ZHPTRD (3lapack)

reduce a complex Hermitian matrix A stored in packed form to real symmetric tridiagonal form T by a unitary similarity transformation

SYNOPSIS

  SUBROUTINE ZHPTRD( UPLO, N, AP, D, E, TAU, INFO )

      CHARACTER      UPLO

      INTEGER        INFO, N

      DOUBLE         PRECISION D( * ), E( * )

      COMPLEX*16     AP( * ), TAU( * )

PURPOSE

  ZHPTRD reduces a complex Hermitian matrix A stored in packed form to real
  symmetric tridiagonal form T by a unitary similarity transformation: Q**H *
  A * Q = T.

ARGUMENTS

  UPLO    (input) CHARACTER*1
          = 'U':  Upper triangle of A is stored;
          = 'L':  Lower triangle of A is stored.

  N       (input) INTEGER
          The order of the matrix A.  N >= 0.

  AP      (input/output) COMPLEX*16 array, dimension (N*(N+1)/2)
          On entry, the upper or lower triangle of the Hermitian matrix A,
          packed columnwise in a linear array.  The j-th column of A is
          stored in the array AP as follows: if UPLO = 'U', AP(i + (j-1)*j/2)
          = A(i,j) for 1<=i<=j; if UPLO = 'L', AP(i + (j-1)*(2*n-j)/2) =
          A(i,j) for j<=i<=n.  On exit, if UPLO = 'U', the diagonal and first
          superdiagonal of A are overwritten by the corresponding elements of
          the tridiagonal matrix T, and the elements above the first
          superdiagonal, with the array TAU, represent the unitary matrix Q
          as a product of elementary reflectors; if UPLO = 'L', the diagonal
          and first subdiagonal of A are over- written by the corresponding
          elements of the tridiagonal matrix T, and the elements below the
          first subdiagonal, with the array TAU, represent the unitary matrix
          Q as a product of elementary reflectors.
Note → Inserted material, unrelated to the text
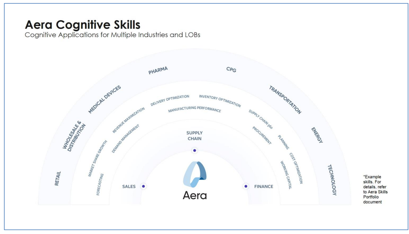
Figure 2. Some Available Aera "Skills" for Multiple Industries and LOBs

The company even has its own natural language processing (NLP) capabilities, whereby users can ask Aera verbal questions like they do with Siri, Cortana, or Alexa in English. Aera also provides partners' external NLP translations services in Spanish, Chinese, and other languages. Think of the following examples:
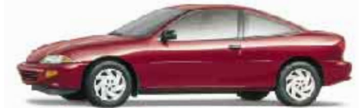
96 –Cayenne Red Metallic

See Further Details.  D
          (output) DOUBLE PRECISION array, dimension (N) The diagonal
          elements of the tridiagonal matrix T: D(i) = A(i,i).

  E       (output) DOUBLE PRECISION array, dimension (N-1)
          The off-diagonal elements of the tridiagonal matrix T: E(i) =
          A(i,i+1) if UPLO = 'U', E(i) = A(i+1,i) if UPLO = 'L'.

  TAU     (output) COMPLEX*16 array, dimension (N-1)
          The scalar factors of the elementary reflectors (see Further
          Details).

  INFO    (output) INTEGER
          = 0:  successful exit
          < 0:  if INFO = -i, the i-th argument had an illegal value

FURTHER DETAILS

  If UPLO = 'U', the matrix Q is represented as a product of elementary
  reflectors

     Q = H(n-1) . . . H(2) H(1).

  Each H(i) has the form

     H(i) = I - tau * v * v'

  where tau is a complex scalar, and v is a complex vector with v(i+1:n) = 0
  and v(i) = 1; v(1:i-1) is stored on exit in AP, overwriting A(1:i-1,i+1),
  and tau is stored in TAU(i).

  If UPLO = 'L', the matrix Q is represented as a product of elementary
  reflectors

     Q = H(1) H(2) . . . H(n-1).

  Each H(i) has the form

     H(i) = I - tau * v * v'

  where tau is a complex scalar, and v is a complex vector with v(1:i) = 0
  and v(i+1) = 1; v(i+2:n) is stored on exit in AP, overwriting A(i+2:n,i),
  and tau is stored in TAU(i).